What needs to be done:
Omit the pictures. Transcribe exactly the lines below, from the one with "Price per person" up to and including the last.

━━━ Exercise data

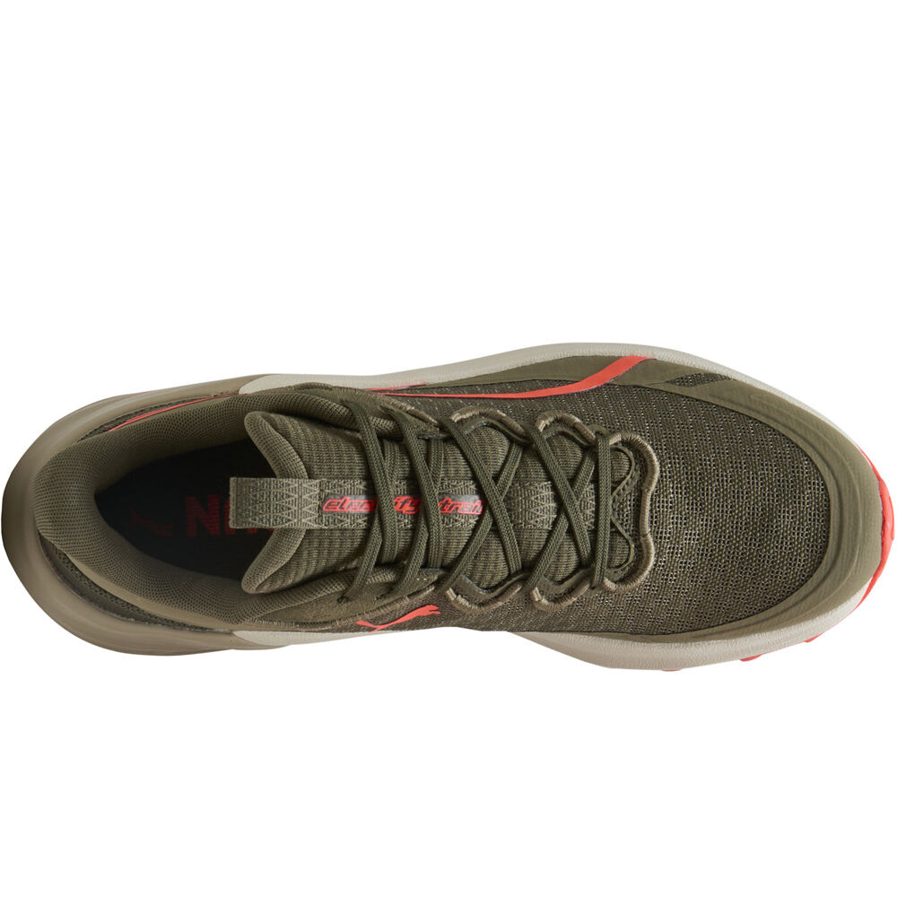 - El upper de las zapatillas trail running Puma Electrify NITRO™ 4 TR Verde Naranja está confeccionado en malla técnica transpirable con ajuste cómodo y firme ligera. Incorpora refuerzos termosellados de la puntera hasta el talón asegurando protección y mayor durabilidad. Lengüeta con acolchado ligero y tirador de ajuste. Fabricado con al menos un 30 % de materiales reciclados.
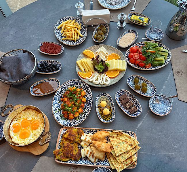Price per person 440 {Braided Cheese, Barrel Cheese, local (Ezine)Cheese, local (Kars)Kashar Cheese, Butter, Honey, Hazelnut Spread, local Tokat Molasses, Fig Jam, Concrete Winter Halva, Cherry Tomatoes, Cucumber, Black Olives, Grilled Green Olives, Acuka (Spicy Pepper Paste), Grilled Halloumi Cheese, Fried Potatoes, Zucchini Fritters, Fried Eggs, Kaygana (Turkish Omelette), Crispy Pastry, Chips and Unlimited Tea} (The breakfast in the image is for 4 people)
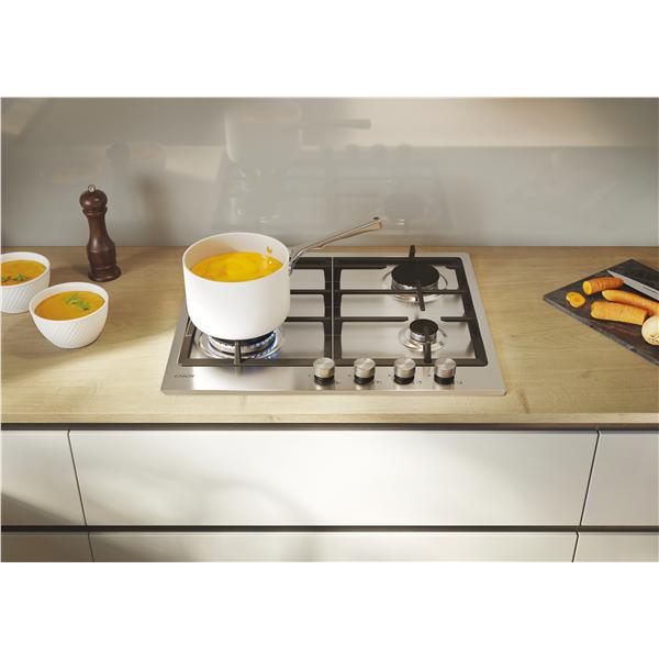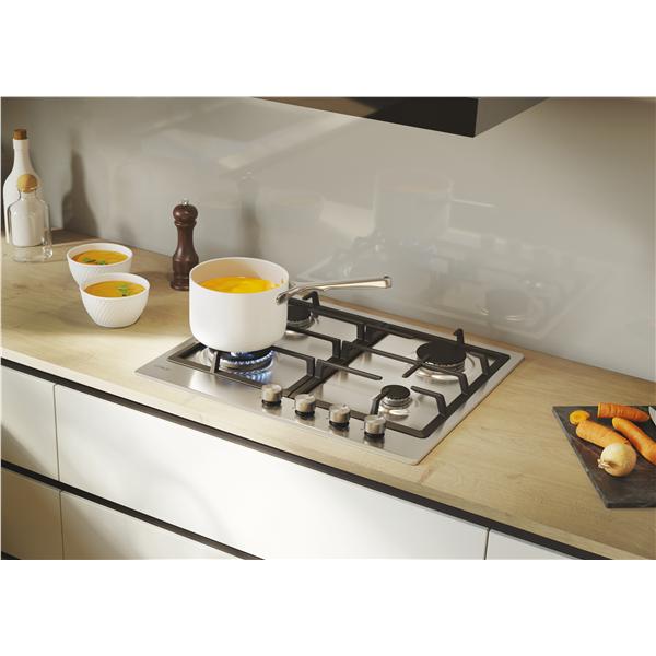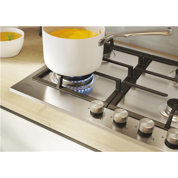 Piano cottura moderna gas 4 fuochi comandi frontali 60cm inox

━━━━━━

Response area:
Price per person 440 {Braided Cheese, Barrel Cheese, local (Ezine)Cheese, local (Kars)Kashar Cheese, Butter, Honey, Hazelnut Spread, local Tokat Molasses, Fig Jam, Concrete Winter Halva, Cherry Tomatoes, Cucumber, Black Olives, Grilled Green Olives, Acuka (Spicy Pepper Paste), Grilled Halloumi Cheese, Fried Potatoes, Zucchini Fritters, Fried Eggs, Kaygana (Turkish Omelette), Crispy Pastry, Chips and Unlimited Tea} (The breakfast in the image is for 4 people)
 Piano cottura moderna gas 4 fuochi comandi frontali 60cm inox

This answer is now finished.